Visualising and quantifying linear associations
Overview
Teaching: 10 min
Exercises: 10 minQuestions
How can we visualise the linear association between two variables?
How can we quantify the size of a linear association?
Objectives
Explore whether two variables appear to be associated using a scatterplot.
Calculate the size of a linear association between two variables using Pearson’s correlation.
In this episode we will learn how to check whether two variables are linearly associated. This will allow us to use one variable to predict the mean of another variable in the next episode, when an association exists.
Visually checking for a linear association
The first way to check for a linear association is by using a scatterplot.

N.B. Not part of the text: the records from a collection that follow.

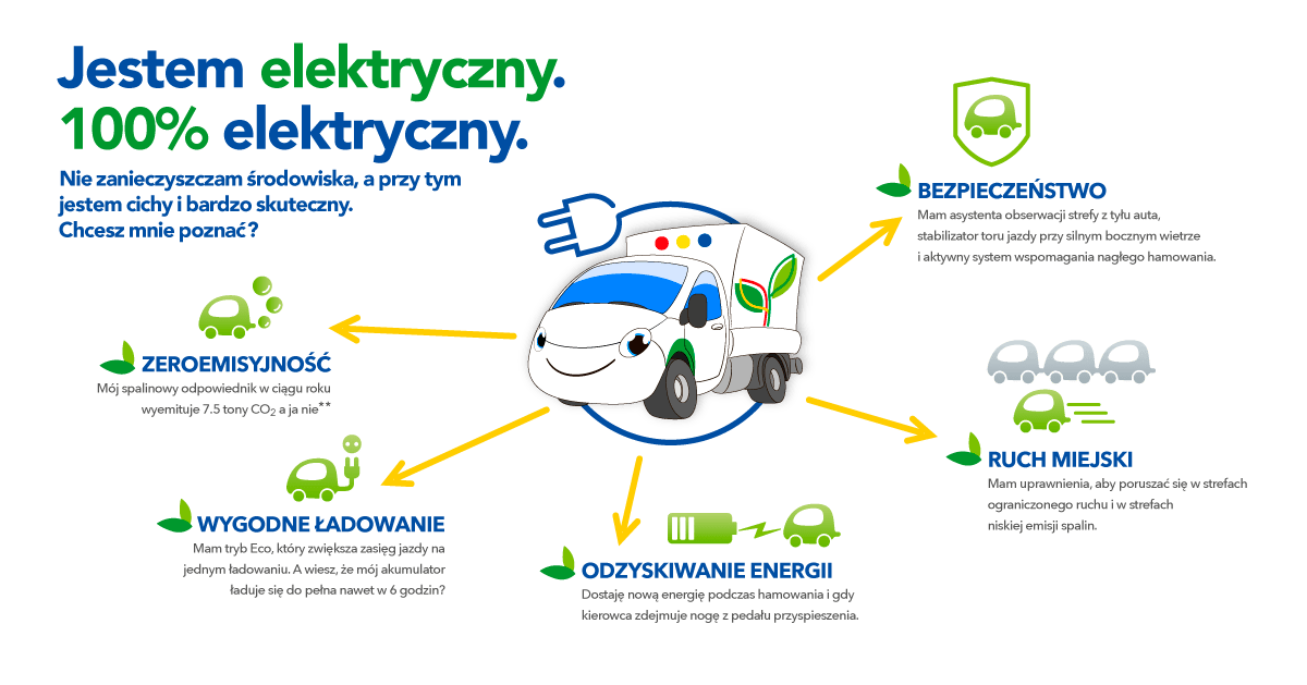 *Zgodnie z artykułem „Pojazdy elektryczne: mądry wybór dla środowiska” opublikowanym przez Europejską Agencję Środowiska w dniu 07.01.2019, modyfikowanym w dniu 11.05.2021 r.: w odniesieniu do zmian klimatu i jakości powietrza, samochody elektryczne są zdecydowanie lepszym rozwiązaniem niż samochody o napędzie benzynowym lub z silnikiem wysokoprężnym. Wbrew pewnym wątpliwościom publicznym dotyczącym korzyści dla środowiska związanych z samochodami elektrycznymi, wyniki badań naukowych w tym zakresie są coraz bardziej jednoznaczne.(…) Korzyści te będą się zwiększać w najbliższym czasie, ponieważ Europa będzie coraz częściej wykorzystywać energię ze źródeł odnawialnych w przyszłości.”
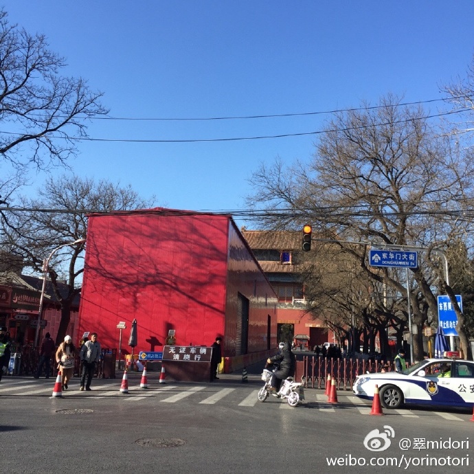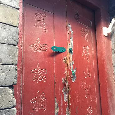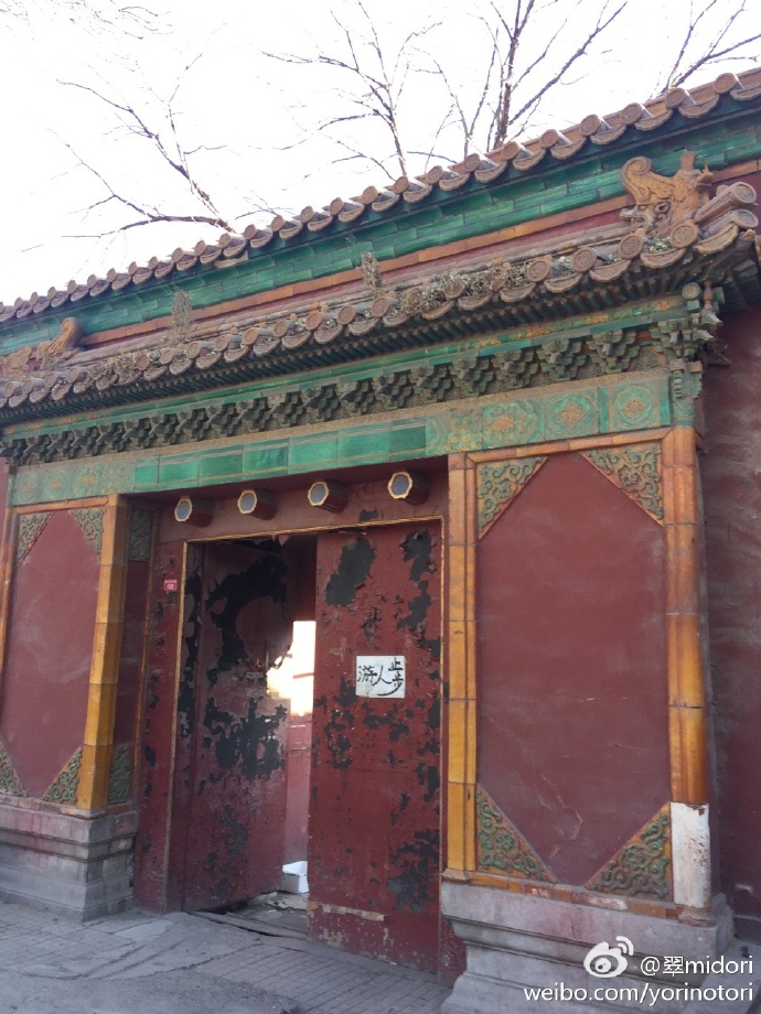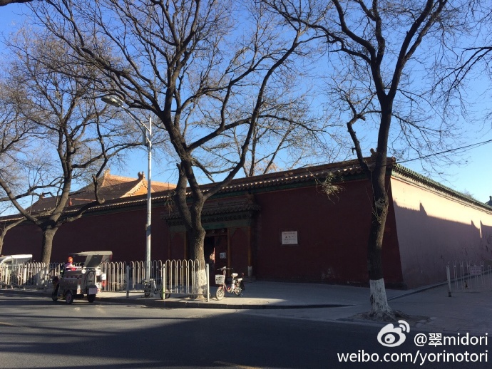 地下鉄天安门东から南池子大街を北へ。通り入ってすぐ左に皇城艺术馆があり、何か展覧会をやっていたら入ろうと思ったが、保安に装修と言われる。 北へ。右に皇史宬。中国明清两代的皇家档案馆,又称表章库,位于北京天安门东边的南池子大街南口。皇史宬始建于明朝嘉靖13年(1534年)7月,建成于明嘉靖15年7月。占地8460平方米,建筑面积3400平方米。是我国现存最完整的皇家档案库,距今已有460多年的历史。 入れない。 どんどん北へ進み、灯笼裤胡同を右に。 前、左と進めば普度寺。突き当たり↓。 こわいよ。オジちゃん! 1. ドルゴン(1612年-1650年)は太祖ヌルハチの第14子。甥にあたる順治帝の摂政となり、清が中華王朝となるにあたって指導力を発揮し、大きな役割を果たした。 2.ドルゴンと重華宮(普度寺) 明代に紫禁城の東華門外に皇城東苑、またの名を南城と呼ばれるところがあり、皇帝や皇族の遊び場のひとつであった。その苑の宮殿を重華宮と呼んだ(普度寺の前身)。1450年の土木の変で失脚した英宗皇帝が一時ここに住んだことで歴史上に名を残している。 清朝の初期、ドルゴンが入城したとき、この重華宮で摂政をしいた。事実上清順治初期の政治の中心地となり、多くの人馬が行き来した。「百の馬車が南城に会す」とまで言われ、当時王侯貴族が頻繁に出入りしていたことがわかる。順治7年12月ドルゴンが病死すると、冤罪に問われ、王府であった重華宮は荒廃していく。 康煕33年(1694年)康煕帝はドルゴンの名誉を回復し、重華宮を改修してマハカラ廟と名づけチベット仏教寺院とした。マハカラとは日本では大黒天であり、チベット仏教では護法大神である。乾隆40年(1775年)更に拡充し、大殿を慈済殿と呼んだことから普度寺と愛称された。 20世紀後半から南池子小学校となり、また住民が住んでいた。2002年、周囲の居住区域も含めて大改修され、普渡寺の復元と保護を行い、2004年から一般に公開されている。 3. 北京普渡寺 色が鮮やかな方が修復されているところ。 外に出る。北へ。このあたりはきれいにしすぎ。新しい感、ハンパない。
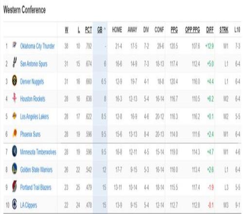 实际上大家会发现第一集团的差距并不大(除了雷霆),马刺只领先掘金0.5个胜场,掘金只领先火箭1.5个胜场,火箭只领先湖人0.5个胜场,湖人只领先太阳1个胜场,太阳与森林狼都是28胜19负。
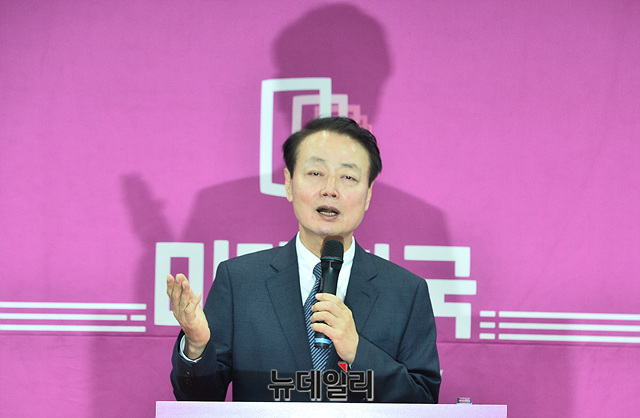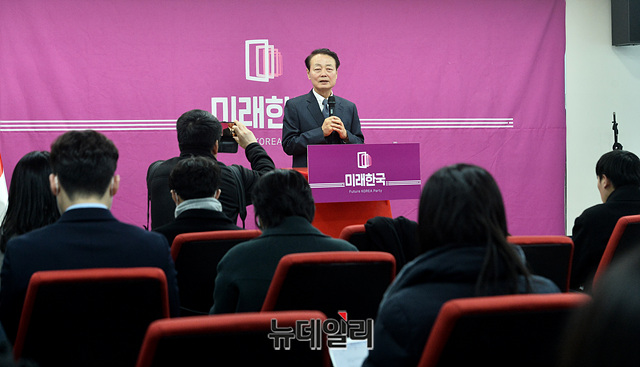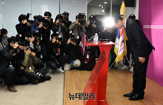 한선교 미래한국당 대표가 19일 오후 서울 영등포구 미래한국당 당사에서 열린 당 대표직 사퇴 기자회견을 갖고 있다. 이날 한국당 비례대표 후보자 추천 명단은 선거인단에 의해 부결됐다.
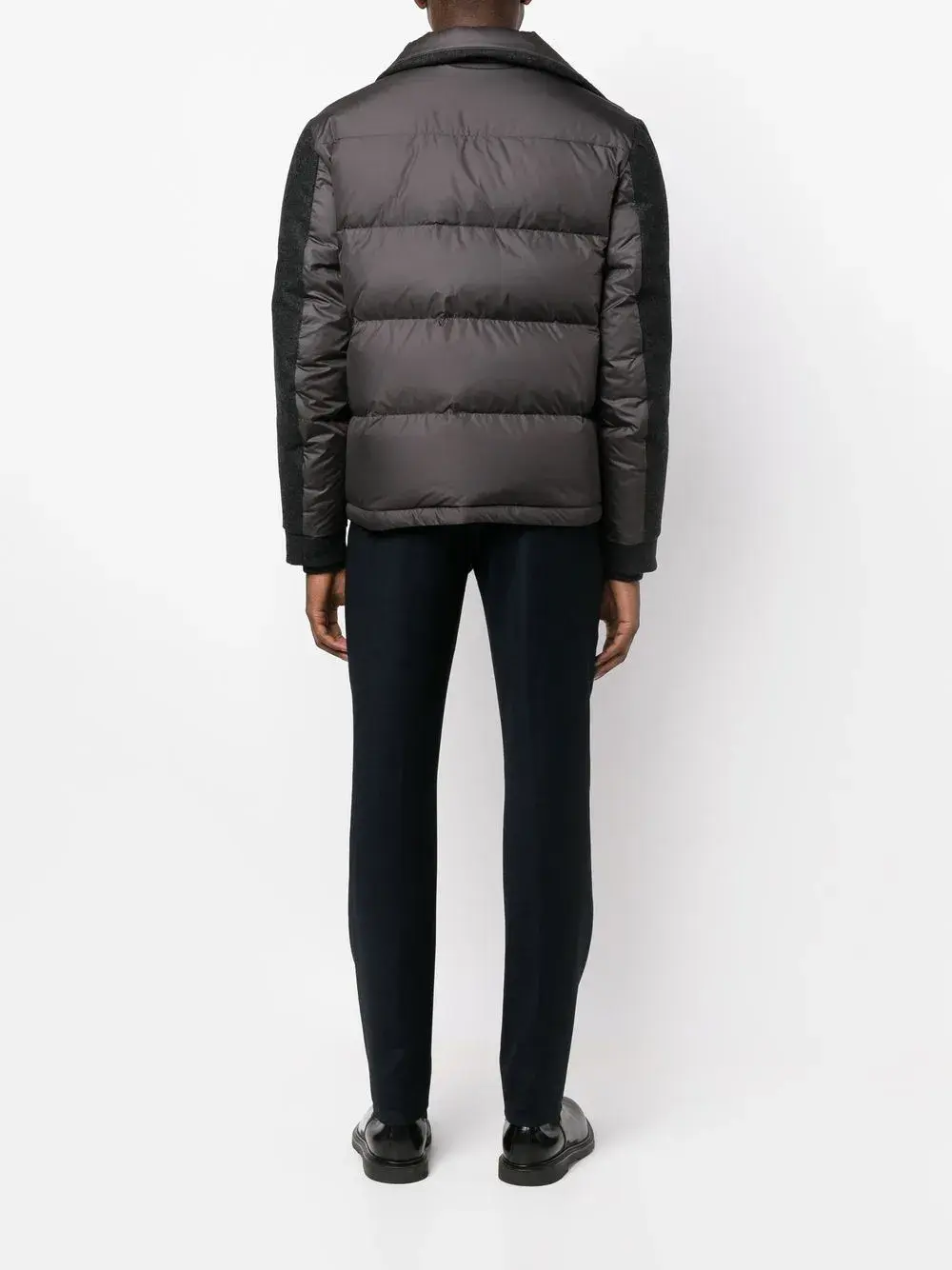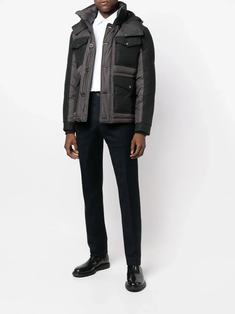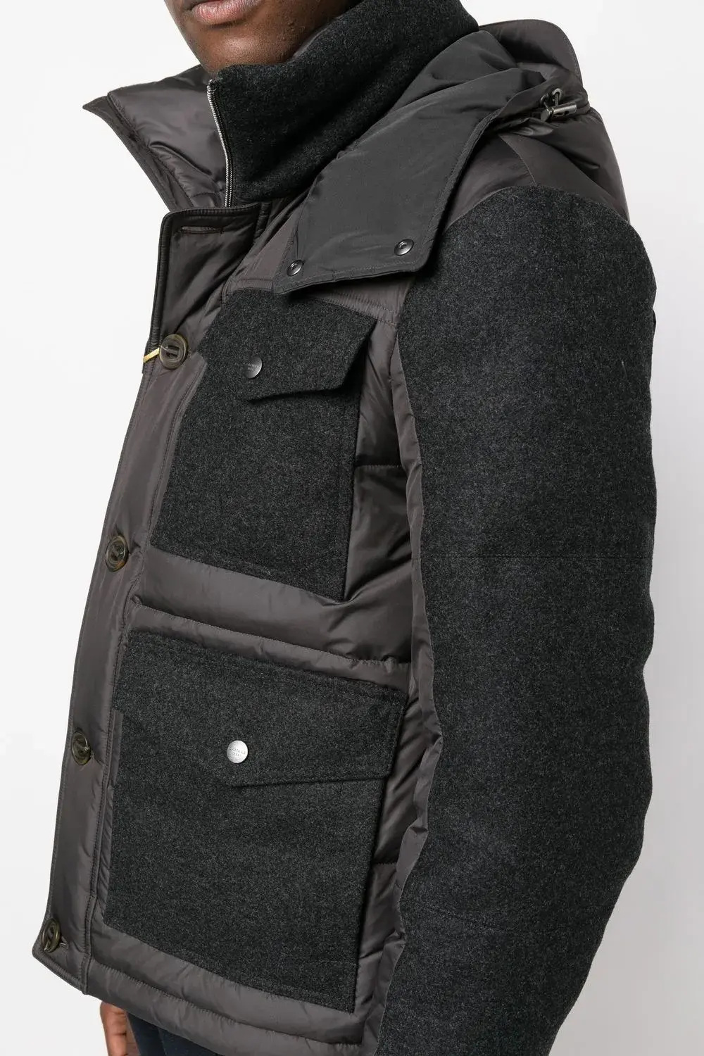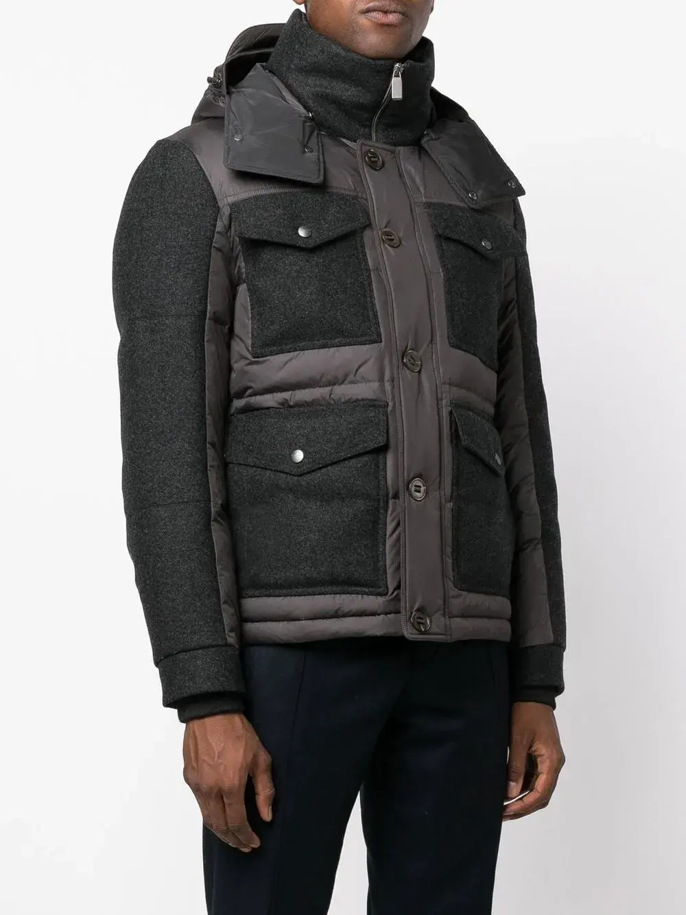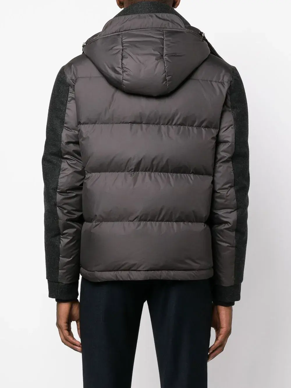 Серый, наполнитель из пуха и перьев, застежка на пуговицы, классический капюшон, потайная застежка спереди и четыре накладных кармана спереди.
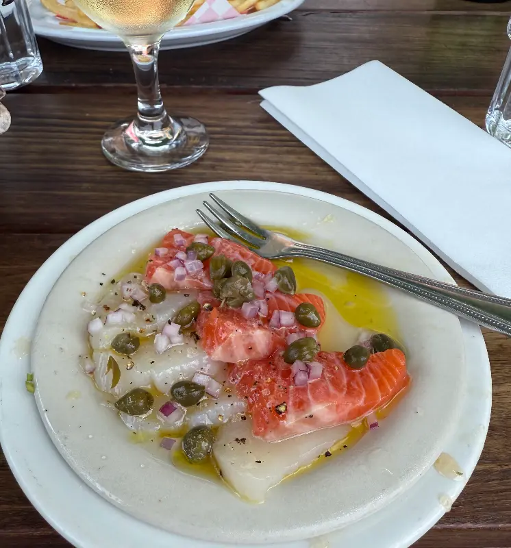 시칠리아식 크루도 또한 훌륭했습니다. 신선한 해산물에 상큼한 소스가 곁들여져 입맛을 돋우는 데 제격이었습니다. 얼음 위에 얹은 베르무트와 함께 곁들여 먹으니 더욱 풍성한 맛을 느낄 수 있었습니다.
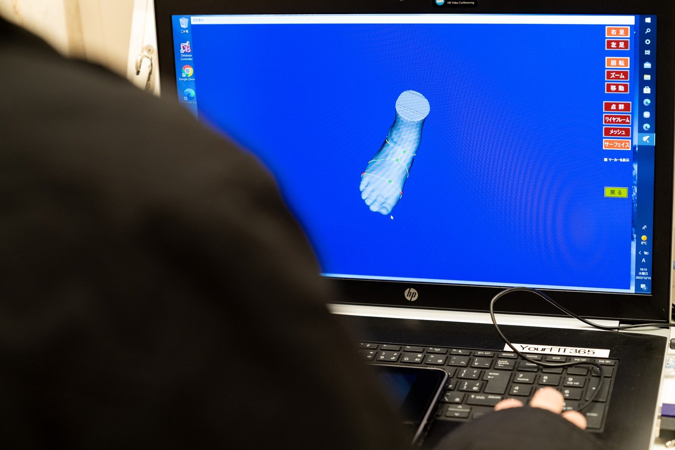 開発には、まず弊社内で多くの部門が関わっています。さらに、3D足形計測機の開発?製造や足形?靴型の分析など、人体計測?分析分野で多くの実績がある株式会社アイウェアラボラトリーとの協業も行っており、より高い精度のサービスを目指しています。企画の段階を経て、さまざまなテストトライを行い、待望のリリースまで約3年の時間を要しました。
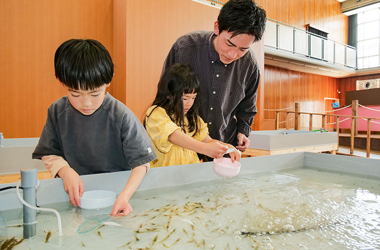 「水辺のいきものエリア」は、メダカやエビなど、水辺のいきものとふれあえるエリア。針を使わずに遊べるので、小さな子どもでも楽しむことができます。

For example, below we create a scatterplot of adult Weight vs. Height.
We subset our data (dat
) for adult participants using filter()
, after which
we specify the x and y axes in ggplot()
and make a scatterplot using
geom_point()
. Note that dat
is loaded into the environment by following
the instructions on the
setup page.
dat %>%
filter(Age > 17) %>%
ggplot(aes(x = Height, y = Weight)) +
geom_point()
We see that on average, higher Weights are associated with higher Heights. This is an example of a positive linear association, as we see an increase along the y-axis as the values on the x-axis increase. The linear association suggests that we could use Heights to predict Weights.
In the exercise below you will explore examples of a negative linear association and an absence of a linear association.
Exercise
A) Create a scatterplot of urine flow (
UrineFlow1
) on the y-axis and age (Age
) on the x-axis for adult participants. How would you describe the association between these variables?
B) Create a scatterplot of FEV1 (FEV1
) on the y-axis and age (Age
) on the x-axis for adult participants. How would you describe the association between these variables?Solution
A) There appears to be no linear association between urine flow and age.
dat %>% filter(Age > 17) %>% ggplot(aes(x = Age, y = UrineFlow1)) + geom_point()
B) There appears to be a negative linear association between FEV1 and age.
dat %>% filter(Age > 17) %>% ggplot(aes(x = Age, y = FEV1)) + geom_point()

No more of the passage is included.